階段や坂道を登るとき、「太ももや膝ばかりがつらい」と感じる方は少なくありません。これは、大腿四頭筋に頼りすぎた動き方をしていることが多く、股関節まわりの腸腰筋群(大腰筋・腸骨筋)や殿筋、ハムストリングスが十分に働いていない場合があります。これらの筋肉をうまく使えるようになると、大腿四頭筋への負荷が減り、登る動作がぐっと楽になります。

脚を持ち上げる際に腸腰筋群をしっかり働かせるために重要なのは、(前回の繰り返しになりますが)骨盤や腰椎のアライメントです。上体を反らせて脚を上げると腰椎に負荷がかかりやすく、背中や腰を丸めた状態では股関節屈曲力が発揮しにくくなります。
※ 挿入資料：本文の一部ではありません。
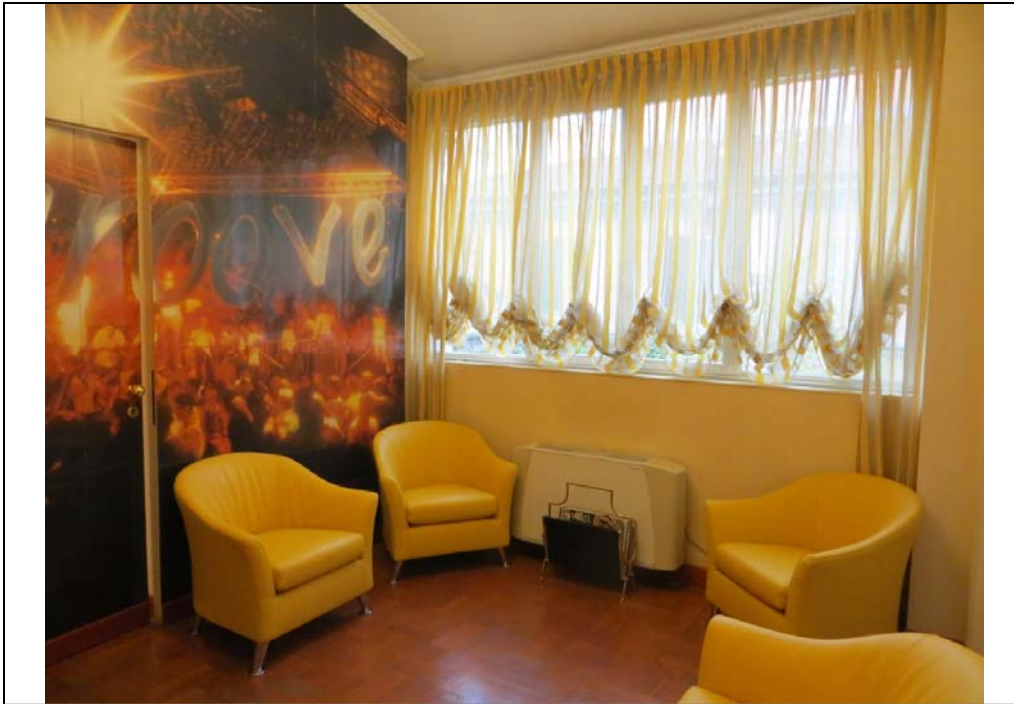
Vista interna degli uffici al piano secondo
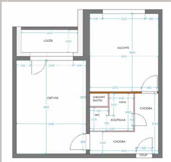
Původní půdorys panelákového bytu 1+1(40 m 2 )
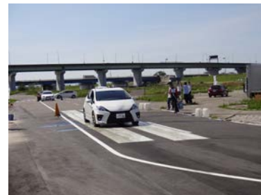
滑りやすい路面での制動力の講習。
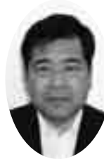
安田 篤 議員

教育長 スキンシップを行うことにより、子どもたちの不安やストレスを軽くすることができ、効果があると聞いている。どういう形で学校に取り入れることができるか、どういうふうに使えるものか、これから研究してみたい。
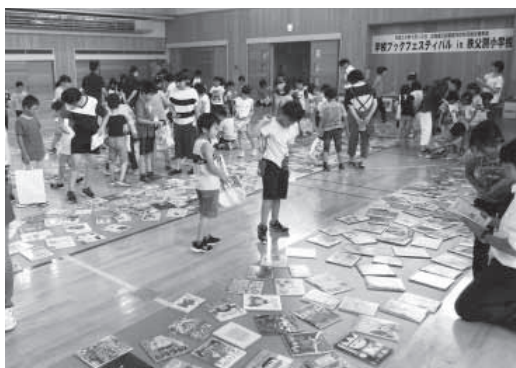
800冊の本でつくられた本の川(?)は壮観です
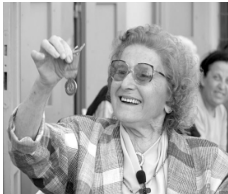
Auf den Spuren der PartisanInnen
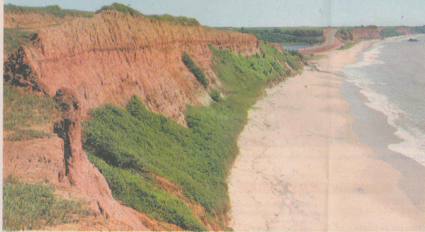
CARTÃO-POSTAL Em Marataízes, nem tudo é agito: as falésias se erguem imponentes ao lado do mar, na praia praticamente deserta

Texto ROSÂNGELA VENTURI /rventuri @redegazeta.com.br
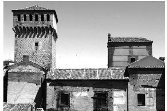
Figura 2 Lateral de las dos torres y del conjunto edificado, desde la torre de la casa Cascales-Barros (foto de la autora 2013)

dos patios con galería en uno y dos lados respectivamente. Dispone de dos plantas completas en torno a dichos patios, una planta sótano que ocupa parte de ellas y las dos torres que se elevan sobre las cubiertas del resto del edificio en dos y tres plantas respectivamente. Observando la composición por crujías construidas con estructuras independientes. La dualidad que supone tener dos torres tan próximas en una misma propiedad, hace pensar en la pertenencia inicial a dos casas diferentes, apoyándonos en la documentación de la compra en el siglo XVI, a dos propietarios distintos.

骨盤や腰椎をできるだけニュートラルに整えてから一歩を踏み出すと、腸腰筋群によって脚を持ち上げやすくなります。

さらに、上体を股関節からわずかに前傾させることも効果的です。腰を丸めるのではなく股関節から前傾すると、殿筋やハムストリングスが働きやすくなります。このとき、踏み出した脚に体重をしっかり乗せてから押し上げることがポイントです。体重が残ったまま膝を伸ばすと大腿四頭筋に頼りすぎてしまいますが、体重を移すことでお尻や腿裏の筋肉が自然に働きます。骨盤全体を天井に向かって軽く押し上げる感覚で脚を押すと、殿部から大腿部後面の筋肉が使いやすくなるでしょう。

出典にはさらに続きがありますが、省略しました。